Figure 1 illustrates the data processing scheme employed to generate the spatial CN distribution for the CONUS from 2008 to 2021. This CN mapping process involves five key steps. Prior to these processes, all datasets were preprocessed to ensure data integrity, coordinate systems uniformity, and pixel alignment.

Fig. 1
figure 1

Data Processing Processes of CUSCN30.

Step 1: Hydrologic soil-cover complex

The annual LULC dataset was generated by overlap analysis of cultivated land types from CDL (14 scenes), NFTD (1 scene), and NLCD (5 scenes) during 2008 to 2021. To address overlapping and inconsistent types, a priority order of LULC datasets was established as CDL > NFTD > NLCD. The CDL data contains 107 types of crops, predominantly corn, soybean, fallow/idle cropland, winter wheat, and alfalfa. The NFTD includes 28 forest groups such as western white pine group, oak/pine group, maple/beech/birch group, and tropical hardwoods. Uncovered areas were filled using the land cover data in the NLCD databases. And HYSOGs250m dataset was used to fill the missing data of SSURGO database. Dual HSGs (A/D, B/D, and C/D) were assigned to hydrological group D, following the recommendations of Jaafar et al.5, Victor et al.50, and Van et al.51.

Step 2: CNLUT mapping

The CNLUT was created by combing the CN table from NEH-6303 and the NLCD52 table, based on the hydrologic soil-cover complex data obtained in Step 1 of the study. In accordance with the original CN tables, a wide array of specific LULC classifications were consolidated into 28 representative types. The combination of these LULC representative types and 4 HSGs (HSGs: A/B/C/D) resulted in a total of 112 distinct hydrologic soil-cover complex classes (Table 1).
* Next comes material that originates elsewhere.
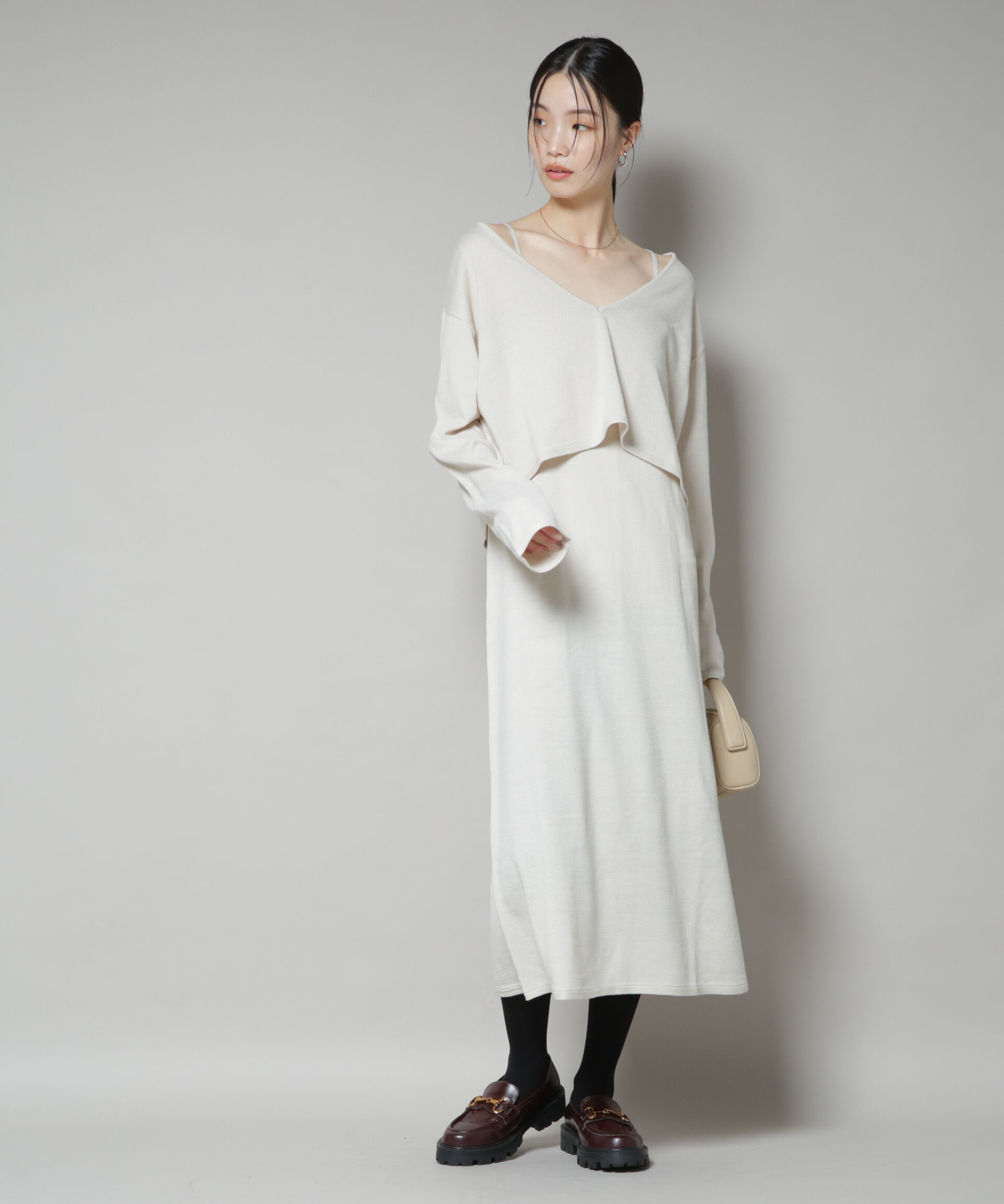 【ナノ・ユニバース/NANO universe】 ニットキャミワンピース×クロップドVネックニット セット

This table also provides a comprehensive overview of the CN values associated with each hydrologic soil-cover complex.

Table 1 The specific information of CNLUT, including LULC, HSG, and the referred CN values (adapted from NEH-630 and table NLCD).

Step 3: Assigning CN values

In order to create the annual CN maps across CONUS from 2008 to 2021, CN values were assigned to the annual hydrologic soil-cover complexes using references from the CNLUT developed in Step 2. It is worth noting that despite the presence of 112 categories of hydrologic soil-cover complexes, only 46 unique CN values (CNraw) were derived from the CNLUT due to the duplicated values, as indicated in Table 1. This CN value assignment process ensured that the annual LUCC was thoroughly considered and accurately reflected in the CN values.

Step 4: Slope-adjusted

Given the potential influence of slope on CN values in finer resolution mapping. Therefore, we employed a slope-adjusted formulation of CN values (CNslope), to incorporate terrain variations53. The equation is expressed as:

$$C{N}_{slope}=C{N}_{raw}\frac{322.79+15.63\left(\alpha \right)}{\alpha +323.52}$$

where the slope α (m/m) is considered valid within the range of 0.14 to 1.4 to remain consistent with experimental values. It’s important to note that while CNslope values should never exceed 100, CN values for open water, initially set at 100 for all HSG types, exceeded this limit when the slope α exceeded 0.05. To address this issue, any CN values exceeding the limit were adjusted down to 100.

Step 5: ARC

To accommodate climate variability and seasonal fluctuations, we developed three ARC scenarios: dry (ARC-I), average (ARC-II), and wet (ARC-III). We utilized the cumulative distributions of CN values for different ARCs: 10% for ARC I, 50% for ARC II, and 90% for ARC III, following the Grabau et al.54 and Donald et al.40. The CN values for the ARC-I (CNARCI) and the ARC-III (CNARCIII) scenarios were calculated based on the CN values established for ARC-II (CNARCII, following the methodology outlined in refs. 12,55.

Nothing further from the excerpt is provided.